Frick looked at him as if he were crazy, and I said it was okay, that she’d been fed. He grinned and sat down, but he kept his feet well under his chair. Frick, too, had noticed the hand cannon, and the sight of guns in the open made her alert.
“You’re ahead of me,” he observed and motioned for the bartender to bring him a Bud by pointing at the neon sign. The bartender nodded.
“You’re a single-malt man?” Trask asked. He sat with his back to Samantha, and was probably the only man in the bar who hadn’t looked at her twice.
“It’s Scotch weather,” I said. “The NRC found any smoking neutrons yet?’
“Early days, Lieutenant,” he said. “Most of them are scientists, and they take a while to organize a proper cluster-fuck.”
So now I was a lieutenant again. Coming up in the world? But then I realized he was calling me lieutenant because he expected me to call him colonel. Well, hell, I could do that.
“They’ll be looking at your operation, too?” I asked.

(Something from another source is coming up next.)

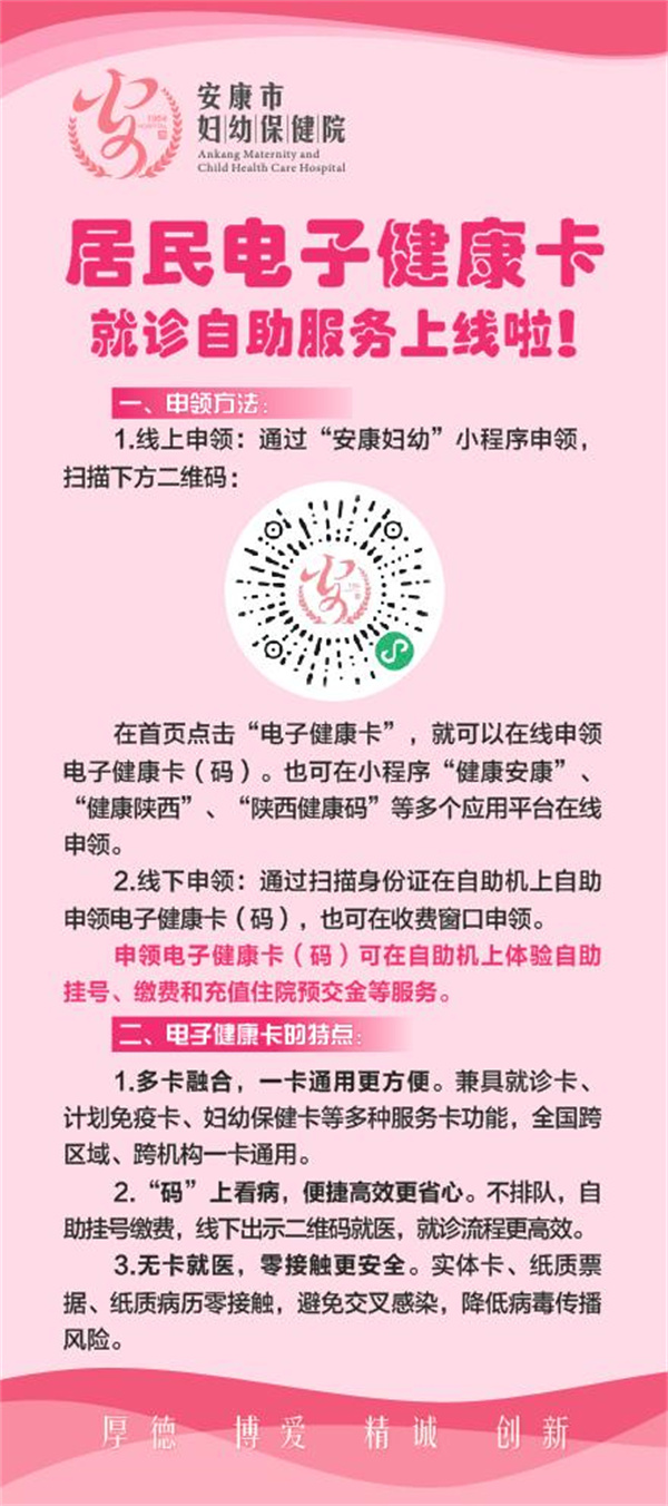 安康市婦幼保健院在醫(yī)院門診一樓大廳配備了智能醫(yī)療掛號繳費終端,并在上線前期,組織了相關(guān)醫(yī)護人員開展操作培訓(xùn)及就診人員門診自助就診演練,同時設(shè)立電子健康卡優(yōu)質(zhì)服務(wù)導(dǎo)醫(yī)服務(wù)臺進行推廣,引導(dǎo)就診人員使用電子健康卡(碼),并廣泛征求或收集群眾建議意見,不斷優(yōu)化電子健康卡(碼)操作流程。就診人員持二代身份證,在醫(yī)院智能醫(yī)療掛號繳費終端、掛號窗口可申領(lǐng)紙質(zhì)健康卡(碼),也可在“安康婦幼”、“健康陜西”、“健康安康”和“陜西健康碼”等多個微信小程序應(yīng)用平臺中線上申領(lǐng)電子健康卡(碼),并可實現(xiàn)線下和線上同步掛號、就診、繳費、取藥、查詢健康檔案等“一碼通”服務(wù)。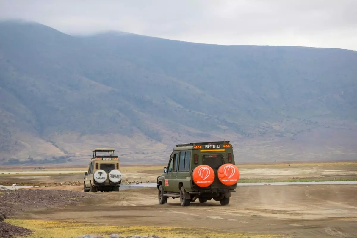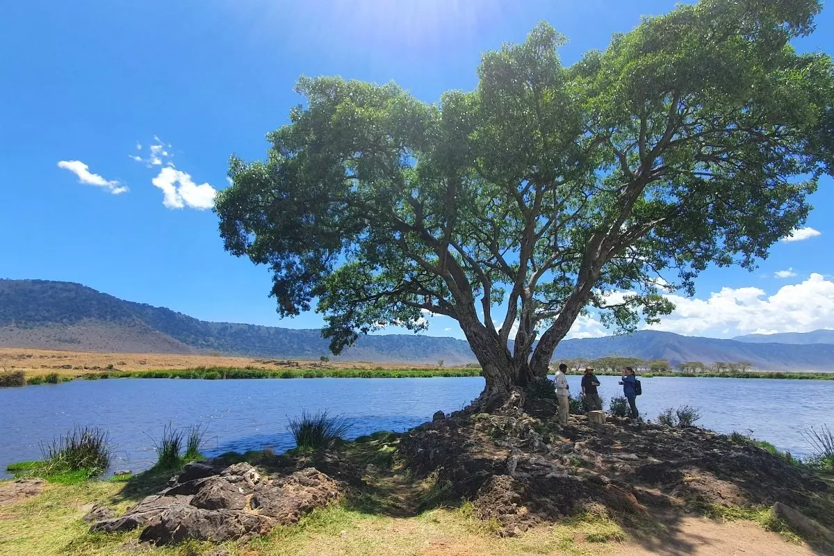Vi har spart det beste til slutt. Med litt flaks får dere nemlig møte The Big Five i dag. Det skjer på safari i Ngorongoro-krateret, verdens største inaktive vulkan. Vulkanen eksploderte og falt sammen for 2–3 millioner år siden. Den etterlot seg et gigantisk hull som i dag er hjemsted for 30 000 dyr og 350 forskjellige fuglearter som alle har tilgang til vann året rundt. Bare turen ned i selve krateret er et høydepunkt. Med åpent tak på safaribilen kjører dere stadig lengre ned. Dere føler hvordan temperaturen endrer seg og kan lukte de mange forskjellige trærne og blomstene til dere til slutt kommer frem til mikrokosmoset på bunnen.

“Oh, shit, yes. But I have a standard answer for that line of questioning-I offer to give any or all of them a can of chicken soup, and then challenge them to get it through my perimeter.”
“Chicken soup.”
“Yup.”
“Radioactive chicken soup?”
“Nope. But it does come in a metal can, as would any radionuclides that decided to go walkabout with human assistance.”
“Are there other ways for radionuclides to get loose?”
“Surely you jest,” he replied.
“Actually, I don’t.”
“Then go online sometime and Google for a site called RADNET plus the word ‘an-thro-po-genic.’ Familiarize yourself with the term Accident in Progress. See what our government’s been co-facilitating in the field of nuclear safety. Have your lunch first, though.”
“You biting the hand that feeds you?”
“You bet. But back to the chicken soup: I’m talking about someone trying to smuggle radioactive water out of Helios. They wouldn’t put it in a Ziploc bag, no matter what the TV ads say.”
“Unless, of course, you’re dealing with a prospective Muslim martyr,” I said. I thought Samantha might be listening to everything we were saying, but the jukebox started up, and then she had to fend off some prospective dance partners. She looked a tad annoyed; maybe she was put off by all the drooling.
Trask nodded. “But then we should have had a second incandescent DOA,” he said, “and that didn’t happen.”
“Or they haven’t found him in the Dumpster behind the mosque,” I said. “Those guys are fucking serious.”
“You’re right as rain about that,” he said. “Problem is, we Americans aren’t. Islam has declared a religious war and we’ve declared democracy back at them. Imagine, democracy in the twelfth century!”
“Probably seemed like a good idea at the time,” I said, but he wasn’t listening. I sensed a rant coming, and sat back to let him vent.
“I don’t know why I give a shit anymore,” he said. “This country is finished. Washed up. Weak in the knees and damp in the panties. Genetically diluted by millions of illegal aliens, all squalling for their ‘rights,’ for God’s sake. Distracted by video games, talk shows, and prancing heiresses’ crotch shots. Half of the population looks like it just graduated from a Chicago feedlot. America deserves what’s coming.”